Robert A. - Well, I'm very glad to hear this and yes, I agree with you in the sense that I would love to see it be the way it was back then or what the strip was to the Doors and The Birds. However, we live in a VERY different time my friend. I'm not sure how old you are but I was around for all that. It was a movement. Today it's about corporations and big money. The only way to keep Downtown special now is to go against that. That in itself will be a movement.

Downtown is getting so much attention because of us. The youth of today is, generally speaking, very different than the youth of yesteryear. They were passionate and stood up to wrong doings. They shook the tress of awareness in a way that brought about undeniable change for future generations.

Unfortunately in the 80s many of those beautiful voices turned to "yuppies" as the phrase was coined, and had children and so on. Today the kids are very self centered, entitled and have been bred on corporate everything. They practically had a Starbucks in their hand by age 5. It's just not natural.

So now, and I'm not sure how it happened, but it would be impossible to get back to that by going big. Perhaps it's time to go back to the ideals of commune living, of unity. Which I feel Downtown has but without having to go live in the forest cut off from everything. I'm a city person, love the lights and convenient aspect of it. We have the best of both worlds right now.

And we can even jump on the Metro and be at Hollywood and Vine and all that goes with it in minutes to experience what you're talking about. Which is needed from time to time. But do we want all that goes with that here?? I have friends who live in the Broadway Lofts right there and let me tell you, there is nothing good about it. It's a circus 24/7. No break and it brings out all the douche-bags you can imagine.
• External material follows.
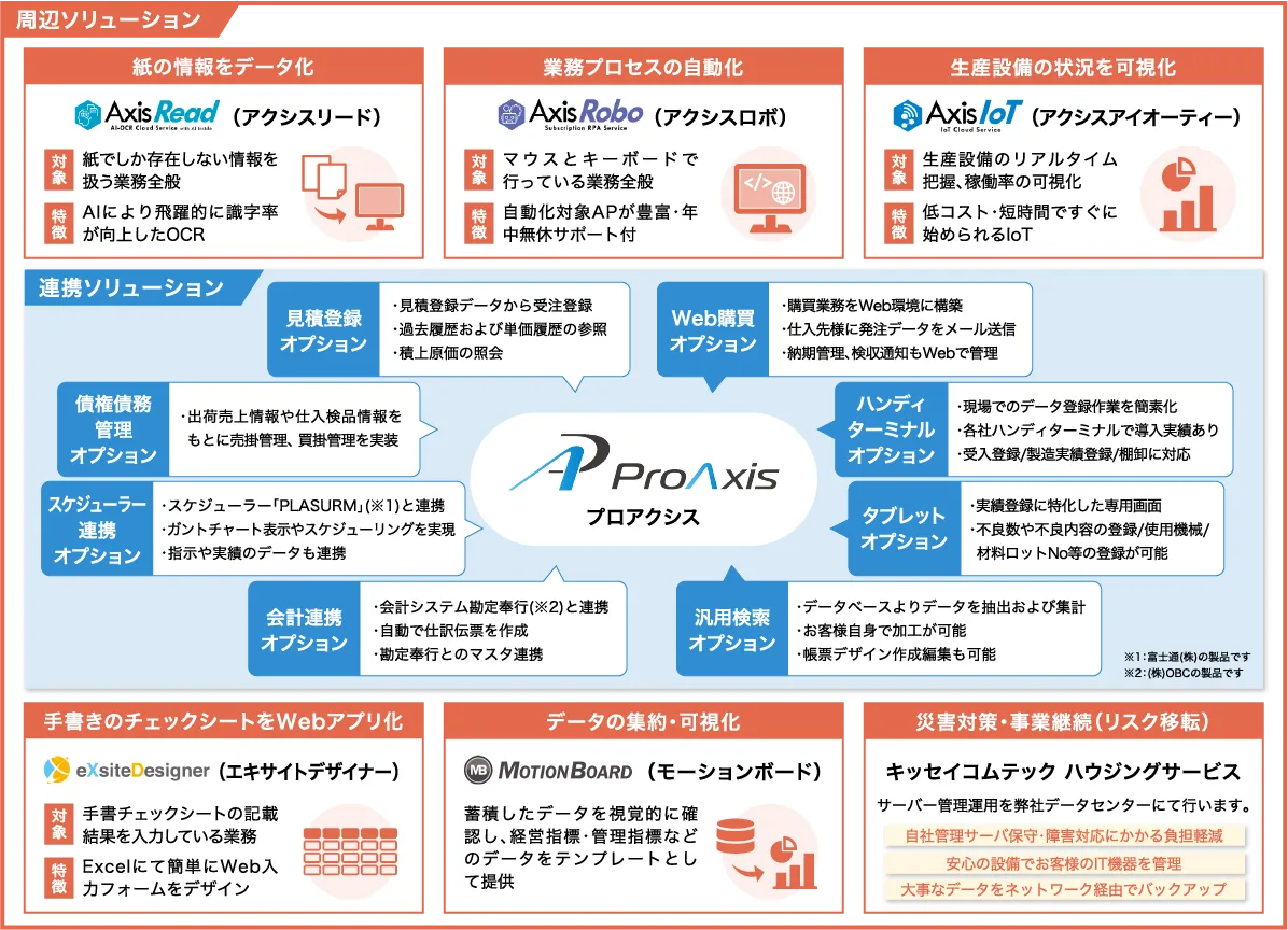 - ProAxisのデータベースに連携し、必要なデータを簡単に出力することが可能です。

Your idealism is to be admired, and I really do appreciate it. But please realize, the landscape of today when romanticizing what was and trying to bring it back. I mean the people who now put on Artwalk are of this same mindset now and look what has happened since they took over.
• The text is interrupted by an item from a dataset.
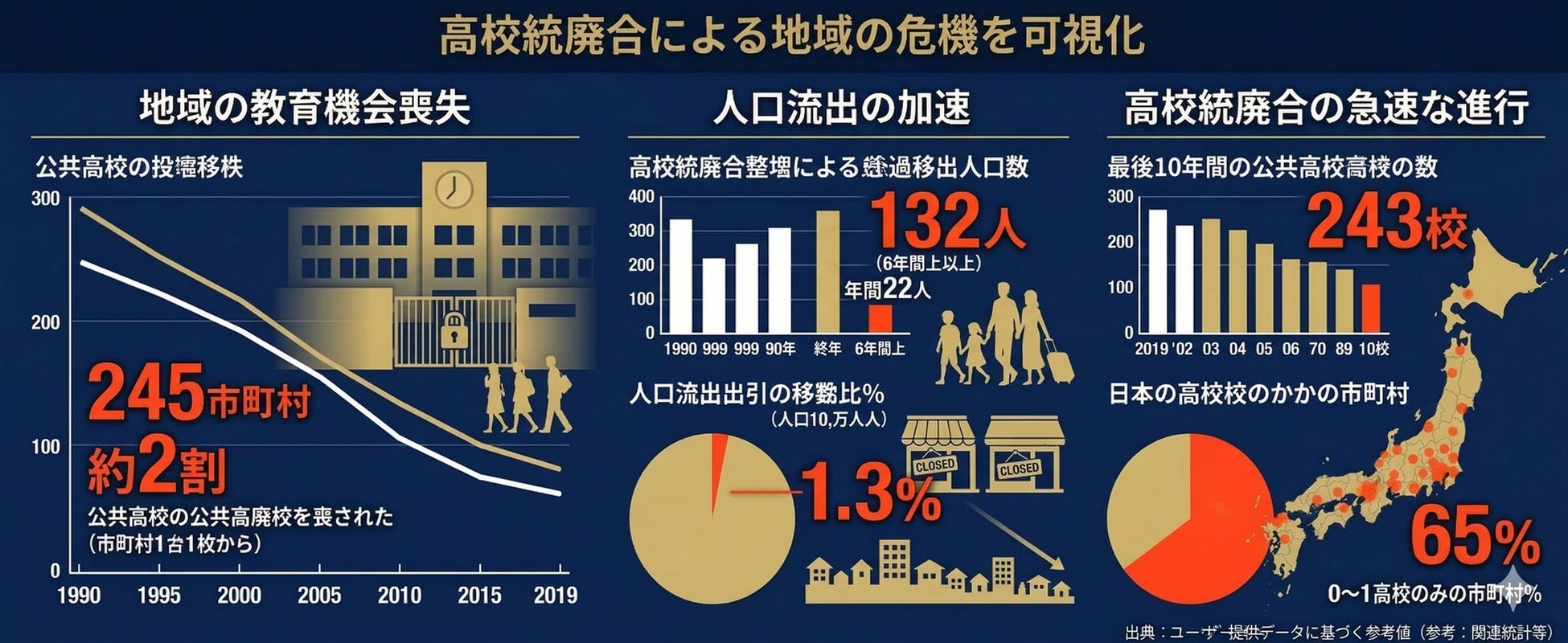 ■ 背景:30年で245市町村から高校消失、地域経済の「心臓部」が停止

I mean my goodness, corporate kiosks are starting to set up camp amongst the "art'. I mean really. It's not about art for them. They are spinning it as a cultural and artistic event but they're more interested in how the real estate market has sky rocketed since artwalk started.


User_32

Mea on August 11, 2011, at 05:15PM – #9

How is 340 Spring St. OUTSIDE the 3rd - 7th St. 'main footprint' area? It is clearly PASSED 3rd St. Sounds like another shady director for the AW. Alas the curse continues!


User_32

DowntownLosAngelesArtWalk on August 12, 2011, at 05:52PM – #10

Mea - the non-shady executive director of the Art Walk doesnt issue permits and isnt involved in any of the permit issuing agency's conversations about who is granted a permit. He does provide all benefits to the art's community he can FOR FREE to the galleries & artists, he DOES pay for Chrysalis to clean up after Art Walk & does provide security and trash cans to supplement the BID's detail. Not sure why you would comment on someone who you have never met, spoken to or heard from directly?